• Dataset extract:
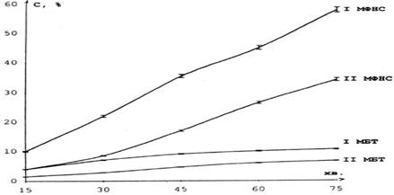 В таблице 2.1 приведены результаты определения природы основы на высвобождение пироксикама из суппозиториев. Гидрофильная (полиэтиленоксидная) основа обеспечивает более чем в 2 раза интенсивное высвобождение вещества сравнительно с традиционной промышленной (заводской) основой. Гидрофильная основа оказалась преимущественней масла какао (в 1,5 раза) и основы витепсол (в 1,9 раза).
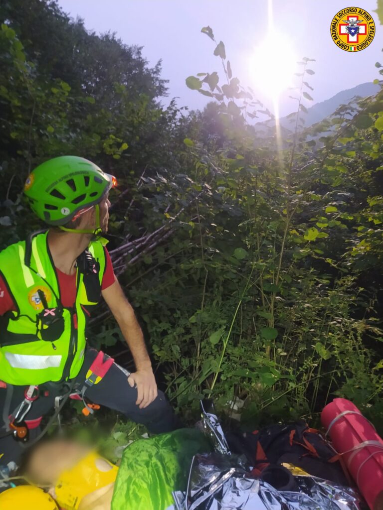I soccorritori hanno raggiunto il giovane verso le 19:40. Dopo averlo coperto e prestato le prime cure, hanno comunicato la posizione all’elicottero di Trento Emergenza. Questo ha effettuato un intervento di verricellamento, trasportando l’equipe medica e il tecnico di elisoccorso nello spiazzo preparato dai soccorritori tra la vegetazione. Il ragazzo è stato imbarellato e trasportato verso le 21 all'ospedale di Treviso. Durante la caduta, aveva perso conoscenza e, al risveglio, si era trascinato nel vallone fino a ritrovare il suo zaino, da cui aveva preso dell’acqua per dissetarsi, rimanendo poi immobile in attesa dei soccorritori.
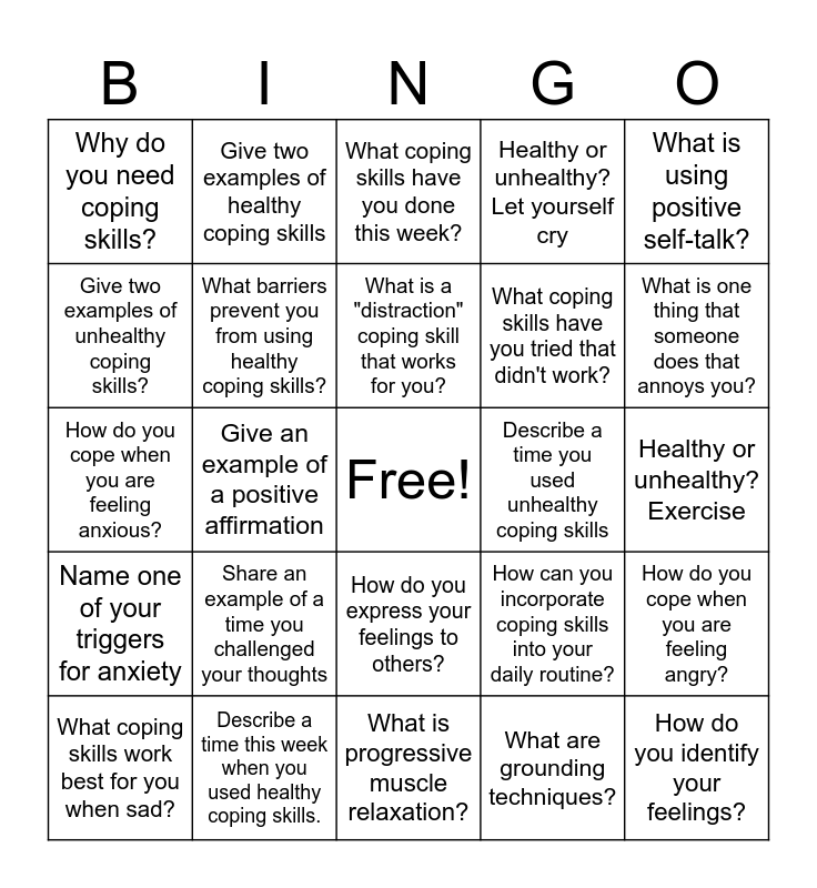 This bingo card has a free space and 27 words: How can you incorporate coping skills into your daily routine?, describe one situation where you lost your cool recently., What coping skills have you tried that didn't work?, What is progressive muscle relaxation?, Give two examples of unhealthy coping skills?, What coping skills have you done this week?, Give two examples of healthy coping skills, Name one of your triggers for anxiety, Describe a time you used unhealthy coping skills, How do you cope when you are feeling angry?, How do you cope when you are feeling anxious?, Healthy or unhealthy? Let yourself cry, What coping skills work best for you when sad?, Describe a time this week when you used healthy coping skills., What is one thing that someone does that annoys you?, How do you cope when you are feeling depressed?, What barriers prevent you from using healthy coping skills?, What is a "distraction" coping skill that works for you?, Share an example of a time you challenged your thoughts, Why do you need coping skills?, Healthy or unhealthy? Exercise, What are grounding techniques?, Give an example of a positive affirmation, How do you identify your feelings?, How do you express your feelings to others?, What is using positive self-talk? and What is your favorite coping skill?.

• About this task:
Repeat verbatim the lines between the start of the data and the line containing "I soccorritori hanno", both ends included, omitting all pictures.

• Result for this task:
 В таблице 2.1 приведены результаты определения природы основы на высвобождение пироксикама из суппозиториев. Гидрофильная (полиэтиленоксидная) основа обеспечивает более чем в 2 раза интенсивное высвобождение вещества сравнительно с традиционной промышленной (заводской) основой. Гидрофильная основа оказалась преимущественней масла какао (в 1,5 раза) и основы витепсол (в 1,9 раза).
I soccorritori hanno raggiunto il giovane verso le 19:40. Dopo averlo coperto e prestato le prime cure, hanno comunicato la posizione all’elicottero di Trento Emergenza. Questo ha effettuato un intervento di verricellamento, trasportando l’equipe medica e il tecnico di elisoccorso nello spiazzo preparato dai soccorritori tra la vegetazione. Il ragazzo è stato imbarellato e trasportato verso le 21 all'ospedale di Treviso. Durante la caduta, aveva perso conoscenza e, al risveglio, si era trascinato nel vallone fino a ritrovare il suo zaino, da cui aveva preso dell’acqua per dissetarsi, rimanendo poi immobile in attesa dei soccorritori.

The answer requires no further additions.